Items listed in a dataset:
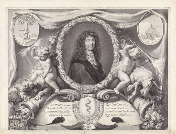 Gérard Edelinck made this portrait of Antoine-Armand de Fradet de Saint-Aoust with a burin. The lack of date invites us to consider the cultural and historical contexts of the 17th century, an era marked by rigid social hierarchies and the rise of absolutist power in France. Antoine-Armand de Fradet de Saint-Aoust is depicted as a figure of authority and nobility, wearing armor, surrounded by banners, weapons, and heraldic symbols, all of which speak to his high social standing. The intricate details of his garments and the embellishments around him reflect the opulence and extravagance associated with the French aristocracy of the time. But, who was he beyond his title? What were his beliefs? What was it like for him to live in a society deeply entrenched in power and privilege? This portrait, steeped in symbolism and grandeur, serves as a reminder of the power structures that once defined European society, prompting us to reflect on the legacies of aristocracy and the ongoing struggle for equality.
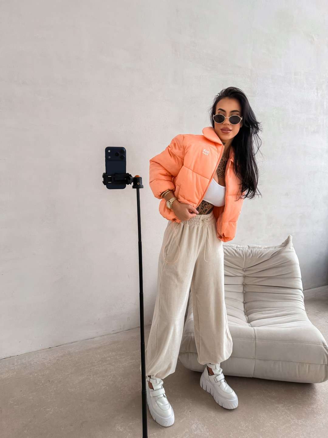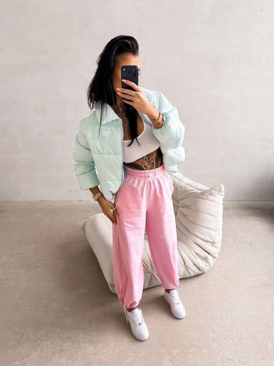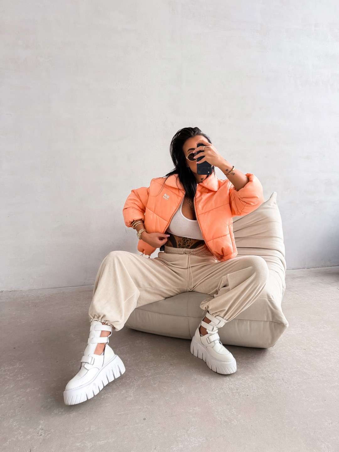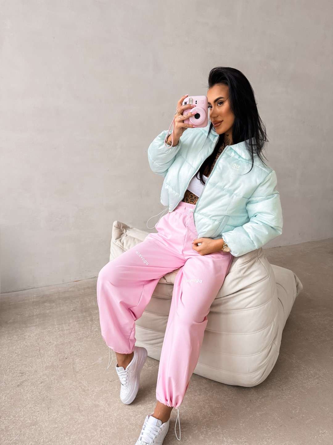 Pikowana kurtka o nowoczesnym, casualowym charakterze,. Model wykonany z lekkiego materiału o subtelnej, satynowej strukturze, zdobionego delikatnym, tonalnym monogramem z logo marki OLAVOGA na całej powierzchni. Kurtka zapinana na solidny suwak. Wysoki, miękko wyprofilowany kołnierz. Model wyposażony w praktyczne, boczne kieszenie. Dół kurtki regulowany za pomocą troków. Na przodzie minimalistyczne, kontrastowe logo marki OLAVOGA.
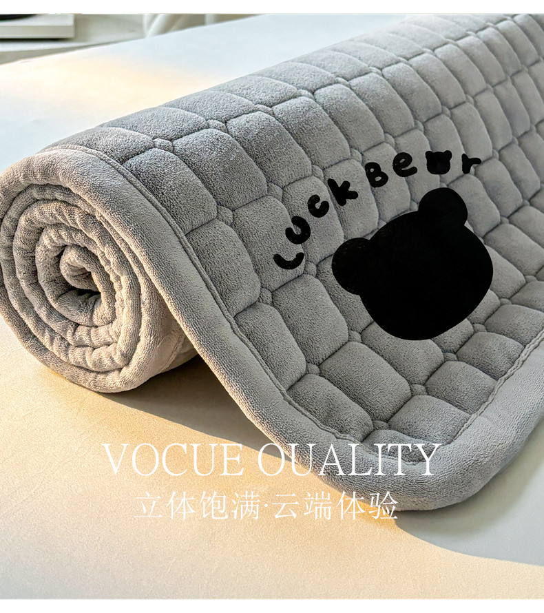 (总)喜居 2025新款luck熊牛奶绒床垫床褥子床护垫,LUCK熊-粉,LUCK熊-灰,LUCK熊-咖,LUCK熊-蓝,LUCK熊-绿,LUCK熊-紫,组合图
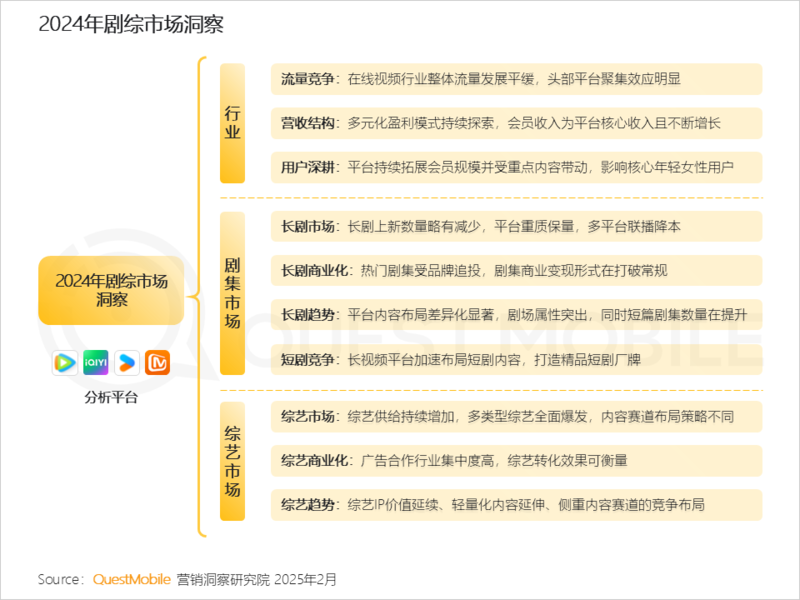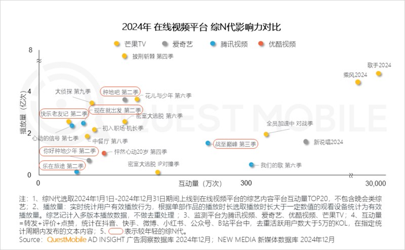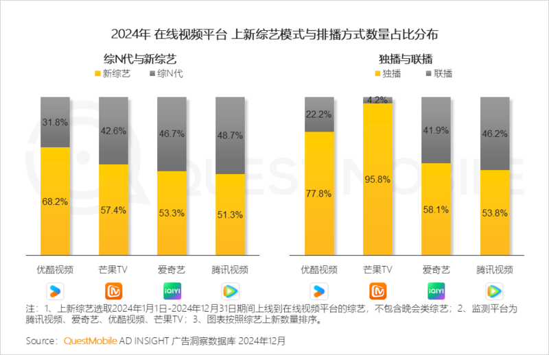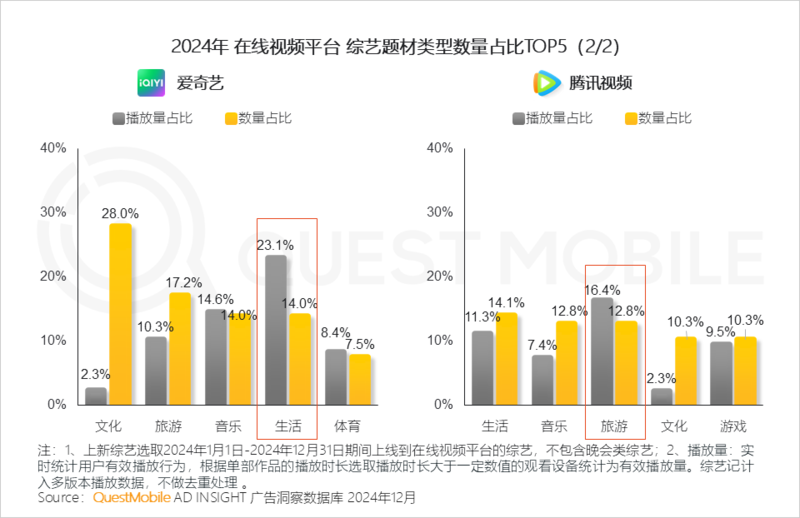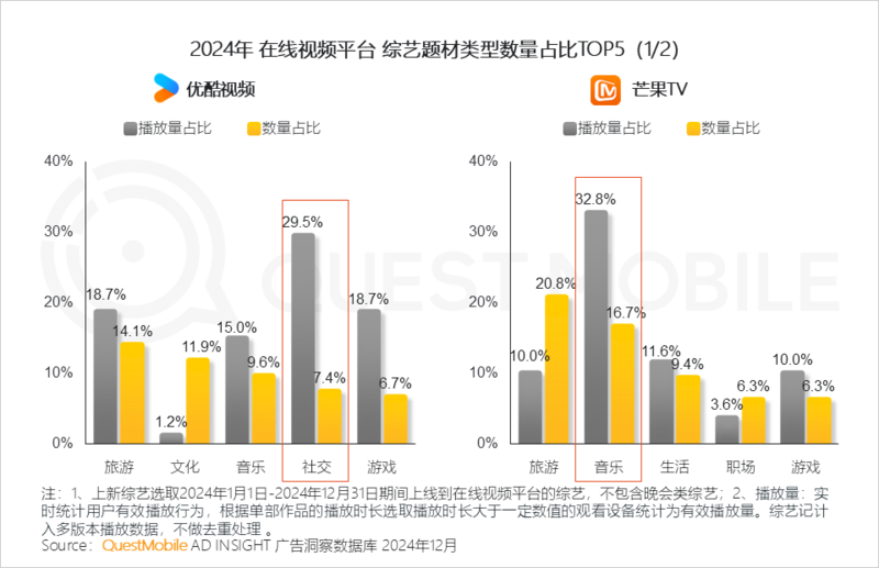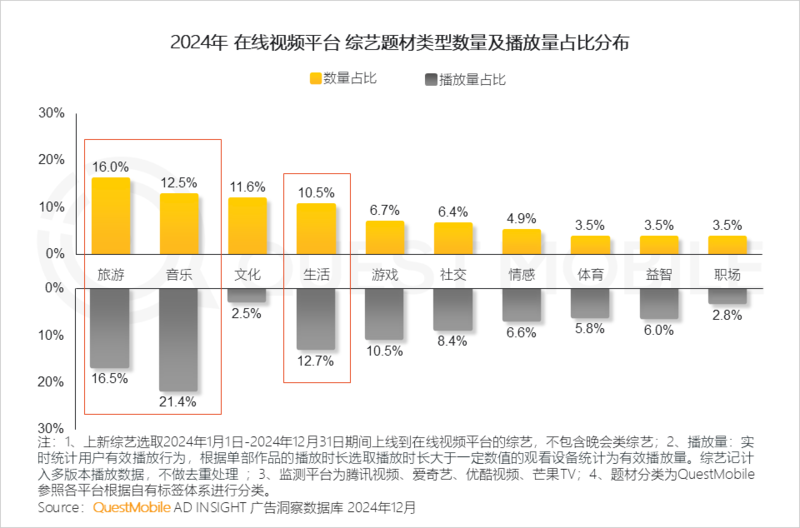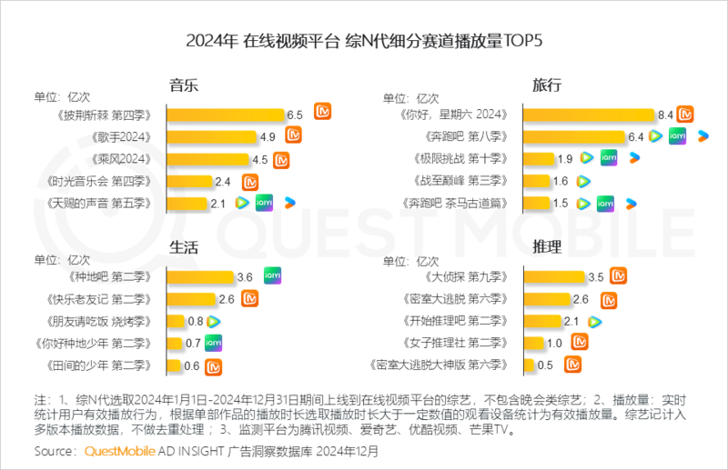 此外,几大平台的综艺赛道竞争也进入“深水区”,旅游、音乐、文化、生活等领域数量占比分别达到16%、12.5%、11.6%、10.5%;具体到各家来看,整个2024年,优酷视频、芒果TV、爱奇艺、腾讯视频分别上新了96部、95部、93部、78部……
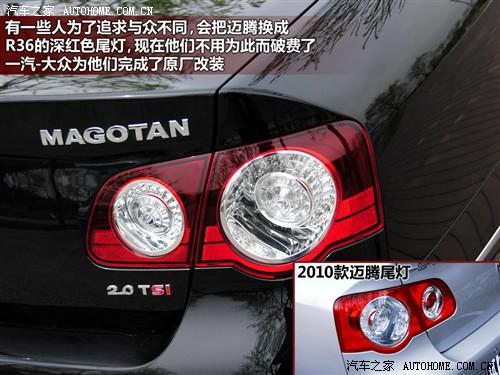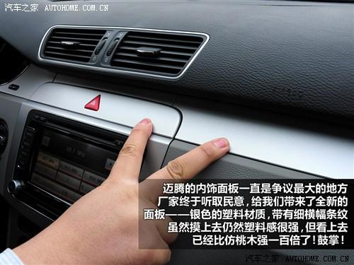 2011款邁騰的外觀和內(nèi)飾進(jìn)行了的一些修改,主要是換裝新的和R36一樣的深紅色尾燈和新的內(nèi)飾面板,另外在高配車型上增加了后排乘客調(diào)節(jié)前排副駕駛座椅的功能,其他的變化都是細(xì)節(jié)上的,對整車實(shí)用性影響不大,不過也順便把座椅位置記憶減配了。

## PROBLEM TO WORK ON
The data above should be repeated in full and exactly, with no pictures carried over.

## WRITTEN REPLY
 Gérard Edelinck made this portrait of Antoine-Armand de Fradet de Saint-Aoust with a burin. The lack of date invites us to consider the cultural and historical contexts of the 17th century, an era marked by rigid social hierarchies and the rise of absolutist power in France. Antoine-Armand de Fradet de Saint-Aoust is depicted as a figure of authority and nobility, wearing armor, surrounded by banners, weapons, and heraldic symbols, all of which speak to his high social standing. The intricate details of his garments and the embellishments around him reflect the opulence and extravagance associated with the French aristocracy of the time. But, who was he beyond his title? What were his beliefs? What was it like for him to live in a society deeply entrenched in power and privilege? This portrait, steeped in symbolism and grandeur, serves as a reminder of the power structures that once defined European society, prompting us to reflect on the legacies of aristocracy and the ongoing struggle for equality.
 Pikowana kurtka o nowoczesnym, casualowym charakterze,. Model wykonany z lekkiego materiału o subtelnej, satynowej strukturze, zdobionego delikatnym, tonalnym monogramem z logo marki OLAVOGA na całej powierzchni. Kurtka zapinana na solidny suwak. Wysoki, miękko wyprofilowany kołnierz. Model wyposażony w praktyczne, boczne kieszenie. Dół kurtki regulowany za pomocą troków. Na przodzie minimalistyczne, kontrastowe logo marki OLAVOGA.
 (总)喜居 2025新款luck熊牛奶绒床垫床褥子床护垫,LUCK熊-粉,LUCK熊-灰,LUCK熊-咖,LUCK熊-蓝,LUCK熊-绿,LUCK熊-紫,组合图
 此外,几大平台的综艺赛道竞争也进入“深水区”,旅游、音乐、文化、生活等领域数量占比分别达到16%、12.5%、11.6%、10.5%;具体到各家来看,整个2024年,优酷视频、芒果TV、爱奇艺、腾讯视频分别上新了96部、95部、93部、78部……
 2011款邁騰的外觀和內(nèi)飾進(jìn)行了的一些修改,主要是換裝新的和R36一樣的深紅色尾燈和新的內(nèi)飾面板,另外在高配車型上增加了后排乘客調(diào)節(jié)前排副駕駛座椅的功能,其他的變化都是細(xì)節(jié)上的,對整車實(shí)用性影響不大,不過也順便把座椅位置記憶減配了。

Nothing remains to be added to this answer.